Листья, наконец притихшие, стояли в стакане на Евином столе. Одной рукой она поднимала выпавший из шкафа шарф, в другой держала плащ, задрав его над головой, чтобы не испачкать подол.
– Не сориентировалась по времени, – стрекотала она. – В автобус-то не полезешь, пришлось пешком.
Это начинало нервировать.
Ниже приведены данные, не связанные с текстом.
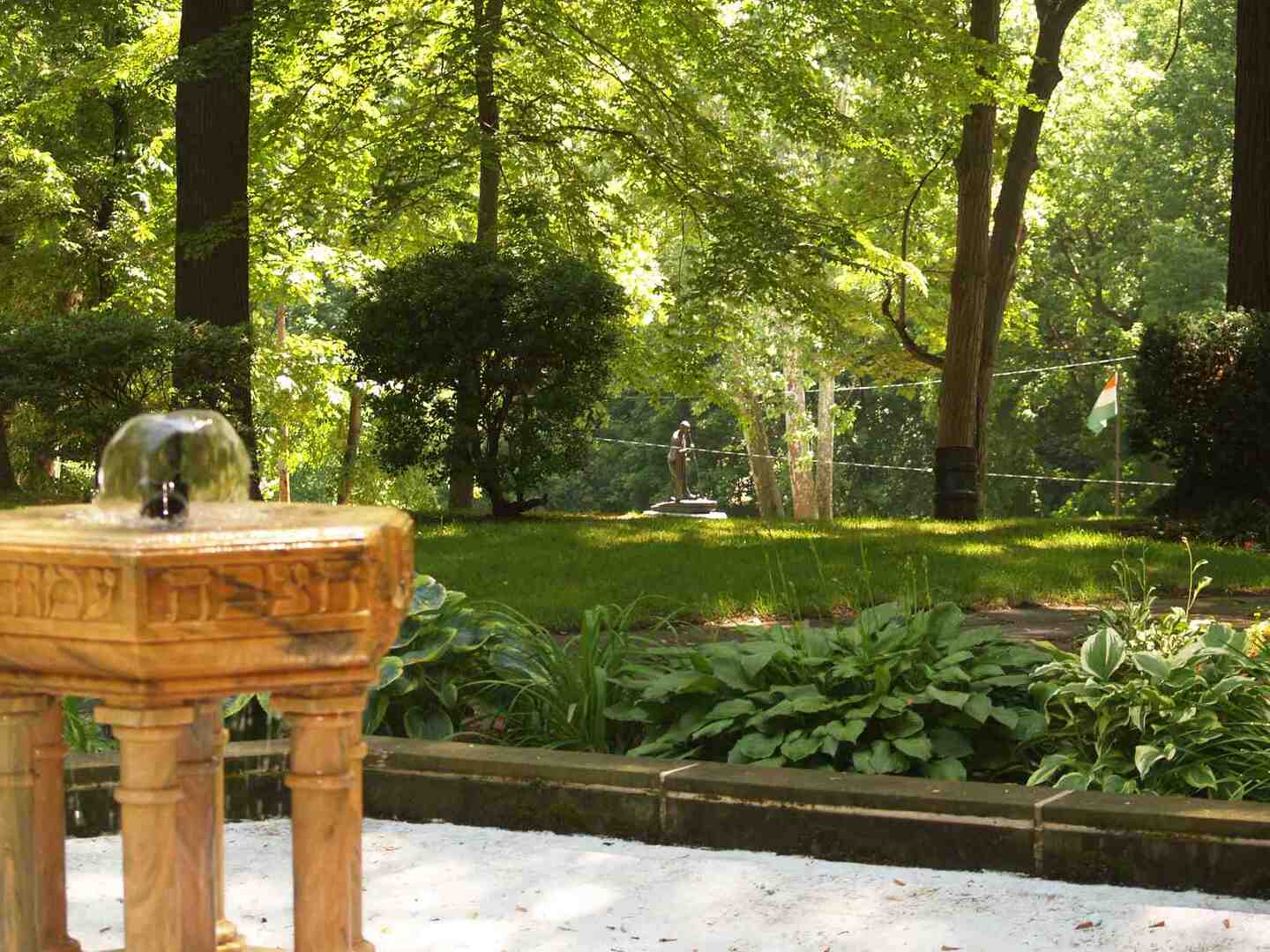 Fountain of Wisdom, 2009 The pink Georgian marble fountain seen here is one of the main features of the Hebrew Cultural Garden. Recently restored, it sits atop seven pillars representing the seven branches of wisdom. The Hebrew inscription running across its sides is from Proverbs chapter 9, verse 1 and reads: "Wisdom hath built herself a house; she hath hewn her out of seven pillars." Image courtesy of The Center for Public History + Digital Humanities

Восторженность эта навязчивая! Люблю да люблю, люблю да люблю! Точно в голубятне сидишь: гули-гули-гули. Мало ли кто чего любит. Хочешь не хочешь – сиди восхищайся со мною вместе. Неправда все это – когда так. Не может быть правдой.
Рута отодвинула край жалюзи и выглянула в окно. По тротуару перед банком гулял спаниель. Такой же рыжий, как эти ее кленовые листья. Спаниель вертелся, его тяжелые мохнатые уши раскачивались вдогон голове. Время от времени он садился перед входом, улыбчиво ощерив пасть, но кто-нибудь из выходящих толкал его дверью, и он, делая вид, что напуган, грузно отскакивал в сторону, впрочем, недалеко. «Наверное, хозяин в банк зашел. Хозяина ждет», – подумала Рута.
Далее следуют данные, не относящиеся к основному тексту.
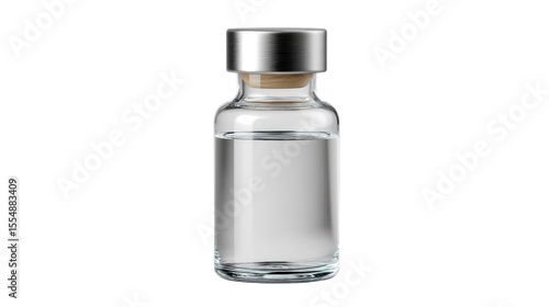Clear Liquid Vial: A pristine glass vial filled with clear liquid, sealed with a silver cap, suggesting purity and precision.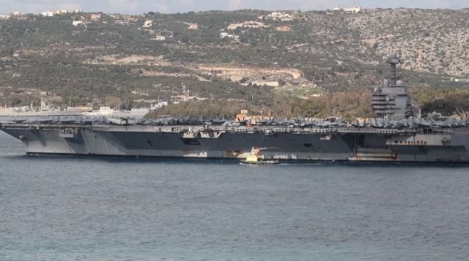 美军最大航母“杰拉尔德·R·福特”号已抵达东地中海的战略要地希腊克里特岛的苏达港。(此处删除)

– Какой-то спаниель ко мне прибился, – сказала Ева. – Бегает передо мной, тявкает. Наверное, решил, что я с ним игру затеяла. Представляешь, до самого банка за мной бежал.
Болтая ушами, спаниель крутился перед входом. Рута отпустила жалюзи и повернулась к монитору.
Всегда рядом найдутся такие. Любимчики, протеже, наконец такие, как Ева – те, кому необъяснимо, по какой-то причуде естества, не бывает трудно. Столкнись она на входе с Галиной Михайловной, их суровой и. о., в то время, когда должна сидеть на рабочем месте – и что? Да ничего. Порхнула бы мимо, та даже замечания не сделала бы. Еве замечания не сделала бы, а Руте, которая частенько вкалывает до восьми, которой она сама за последние полгода дважды говорила: «Вы у меня на хорошем счету», – пренепременно. А почему так? А вот так – прихоть естества. Идет себе такое эксклюзивное созданье, под ноги не глядя, чем-нибудь восхищается. Идет по одним с тобой ухабам и рытвинам, но куда ни поставит ногу, везде ей постелется твердь земная, образцово гладенькая, будто только из-под утюжка.
Но – дремучая она какая-то. Иногда кажется: самые азы ей незнакомы. Ведь как она себя ведет? Совершенно неграмотно она себя ведет. Тамара Ивановна как-то спрашивает: «Вы подготовили список лизингового оборудования?» А Ева: «Ой, забыла». С ума сбрендить! Если уж и признаваться, что забыл что-то сделать, то так, чтобы было понятно: ты переработался, ты перегружен работой сверх меры, таким работникам, как ты, нужно прощать мелкие упущения.
И ведь любому ясно: в случае необходимости ее можно тяпнуть, не боясь получить в ответ. Странно, как это до сих пор у нее не приключилось ни одного конфликта. Вот хотя бы с кассой. Тем мягонькое брюшко не подставляй. В душных панцирях из армированного бетона, под монотонный шелест купюр они становятся хищными. Упаси боже задержать какой-нибудь ордер позже пяти, когда они начинают сводить кассу. Но Ева – Рута видела сама – относила им ордера аж в полшестого – и ничего.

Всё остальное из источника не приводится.